Invisible Intelligence

One of the core gating factors in deploying a Business Intelligence application is its overall effect on production workflow for the company in question. Over the years I’ve worked with companies who went through a Six Sigma process; they were all big (Fortune 1000) companies, with lots of infrastructure and process methodologies already in place, as well as a surplus of people who seemed to have the bandwidth to take on an additional large, complex project. Even within the context of these types of companies, implementing a structured, rigorous process for quality improvement was disruptive (“gee Dan, I know you have a sales meeting in Europe next week, but we really need you here for the Six Sigma meeting”). It’s possible to get away with this sort of thing at a large company (primarily due to excess bandwidth), but it becomes a much greater challenge when you’re dealing with a small or medium sized business where every single person is critical to keeping the machine moving forward.
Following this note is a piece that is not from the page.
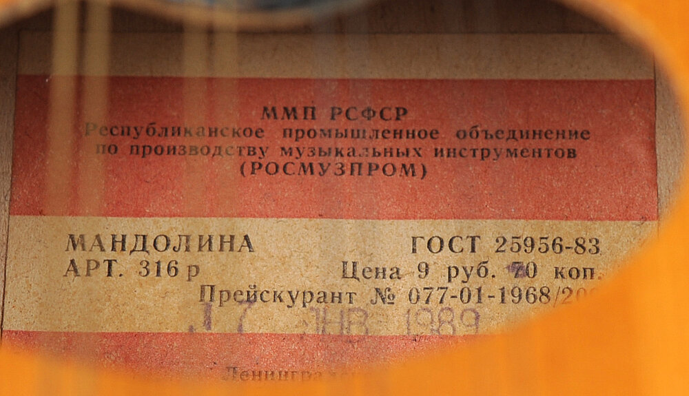 [MMP RSFSR | Republikanischer Industrieverband für die Herstellung von Musikinstrumenten (ROSMUZPROM) || MANDOLINE GOST [= Gossudarstwenny Standart, sowjetischer Industriestandard] 25956-83 | ART. 316 r Preis 9 Rubel 70 Kopeken. | Preisliste Nr. 077-01-1968/209 | [Stempel:] 17. Januar 1989 || Leningrader Produktion, | Kombinat für die Herstellung von Musikinstrumenten | 197061, Leningrad, 15 Chapaeva-Str. || 2873-22.5.85 Sosn. t. Leurizdat]
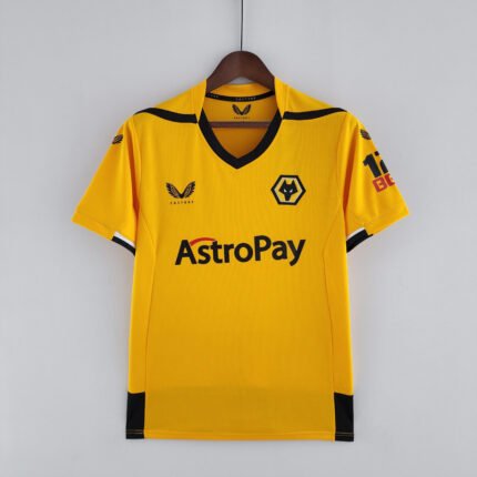 O escudo dos Wolves é aplicado no lado esquerdo do peito, enquanto o logo da Castore aparece no lado direito, e nas mangas, em preto. A grande novidade fica pelo patrocínio máster da AstroPay, que substitui a casa de apostas ManBetX.

In order for BI to have the desired effect on the quality of an organization’s information process flow, the deployment of the application has to integrate into the existing workflow without being disruptive. I’m not suggesting that business intelligence should be applied to what is potentially a faulty process, what I’m saying it that these companies can’t be turned on a dime. An increase in focus on quality does not just affect internal processes, it also affects customers, channel partners, customer support, etc (implementing any type of change across a company always slows processes down before speeding them up, and customers may not understand and appreciate the slow down). In an ideal world, the application of BI to an aggregate process flow would be nearly invisible; most interactions within and between systems are transactional anyway, so an incremental transactional improvement would be less disruptive, and because the effect on the workflow (and those responsible) is incremental on a transactional level, it is less likely to be disruptive, and more likely to begin to effect the desired change. Which is to say, the development of process rigor should be an integral and evolutionary part of a BI introduction, rather than a precedent.